**What is expected:** Write out the listing from the line with "像救人位的话可以在此基础上,点出化险为夷" to the line with "Šála z Merino", both lines included, exactly and nothing beyond. Leave pictures out.

**Material shown:**
=== Section Start ===
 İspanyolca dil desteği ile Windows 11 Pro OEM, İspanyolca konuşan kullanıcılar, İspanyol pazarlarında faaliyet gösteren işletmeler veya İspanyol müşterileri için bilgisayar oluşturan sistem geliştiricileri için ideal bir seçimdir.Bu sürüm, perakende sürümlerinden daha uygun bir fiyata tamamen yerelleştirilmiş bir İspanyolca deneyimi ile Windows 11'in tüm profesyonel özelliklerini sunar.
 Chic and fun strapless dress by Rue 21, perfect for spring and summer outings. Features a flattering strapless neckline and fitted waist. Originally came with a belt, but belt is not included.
=== Section End ===
=== Section Start ===
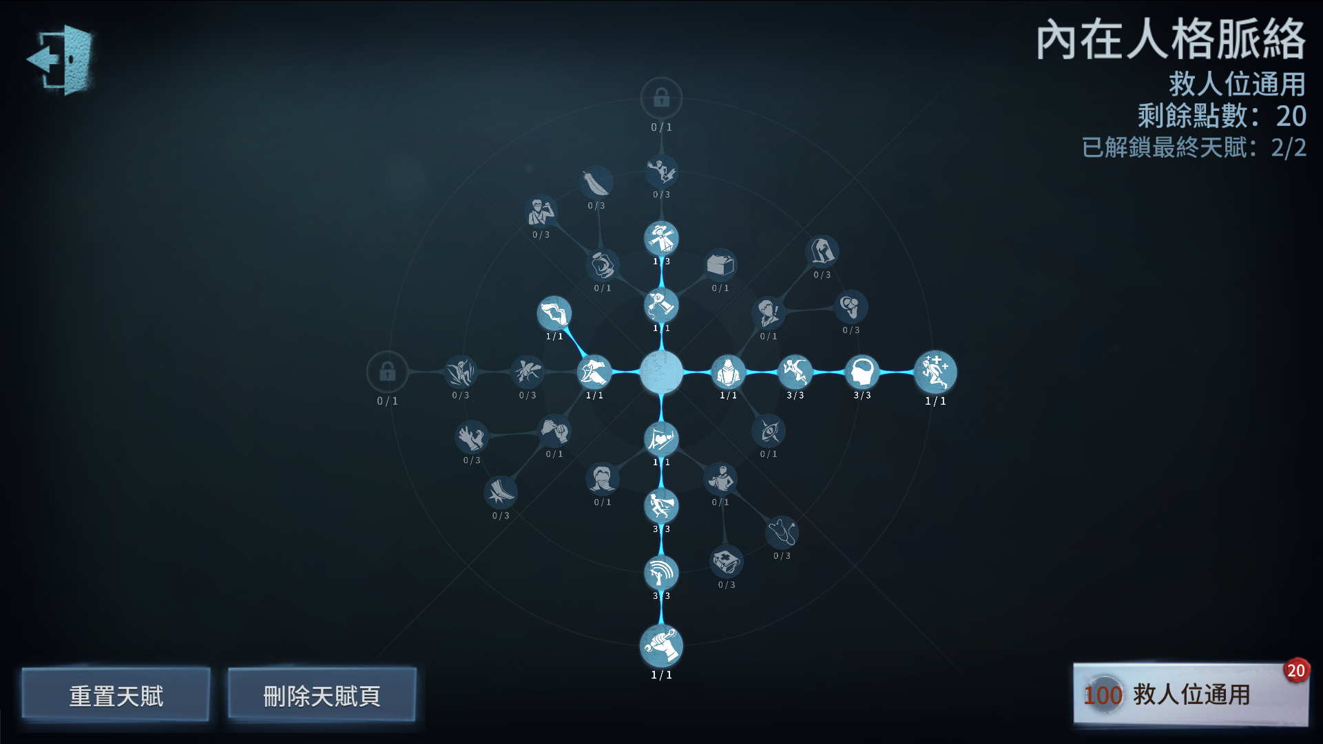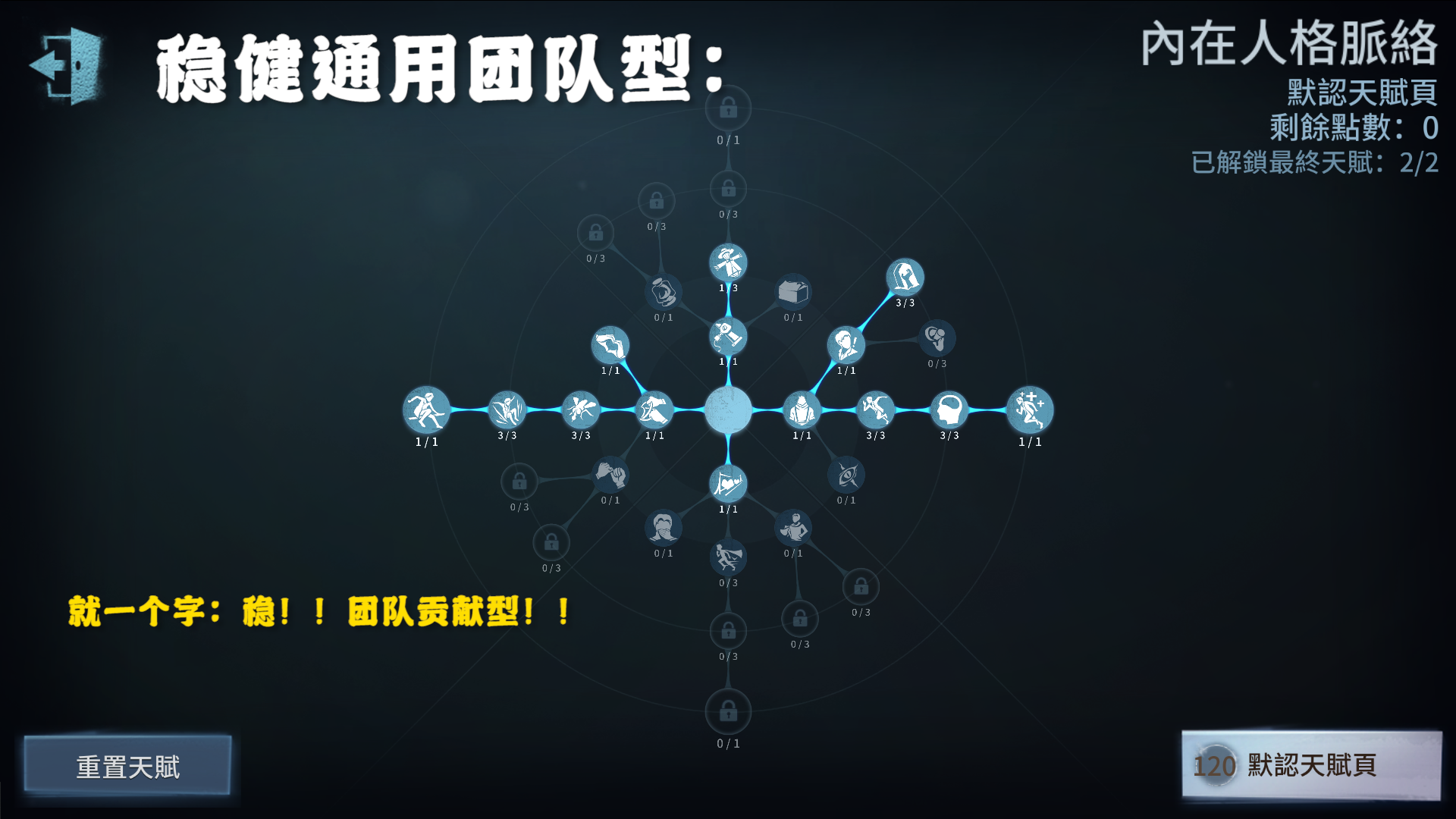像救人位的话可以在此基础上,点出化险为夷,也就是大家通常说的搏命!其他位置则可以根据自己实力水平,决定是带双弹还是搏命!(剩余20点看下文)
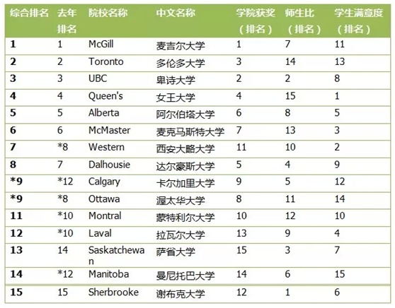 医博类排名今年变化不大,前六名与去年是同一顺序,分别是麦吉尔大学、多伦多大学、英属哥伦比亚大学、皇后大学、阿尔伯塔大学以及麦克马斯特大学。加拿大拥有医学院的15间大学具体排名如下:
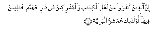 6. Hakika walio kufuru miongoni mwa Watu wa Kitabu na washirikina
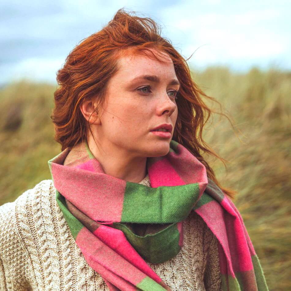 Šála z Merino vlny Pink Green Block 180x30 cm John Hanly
=== Section End ===
**Finished task:**
像救人位的话可以在此基础上,点出化险为夷,也就是大家通常说的搏命!其他位置则可以根据自己实力水平,决定是带双弹还是搏命!(剩余20点看下文)
 医博类排名今年变化不大,前六名与去年是同一顺序,分别是麦吉尔大学、多伦多大学、英属哥伦比亚大学、皇后大学、阿尔伯塔大学以及麦克马斯特大学。加拿大拥有医学院的15间大学具体排名如下:
 6. Hakika walio kufuru miongoni mwa Watu wa Kitabu na washirikina
 Šála z Merino vlny Pink Green Block 180x30 cm John Hanly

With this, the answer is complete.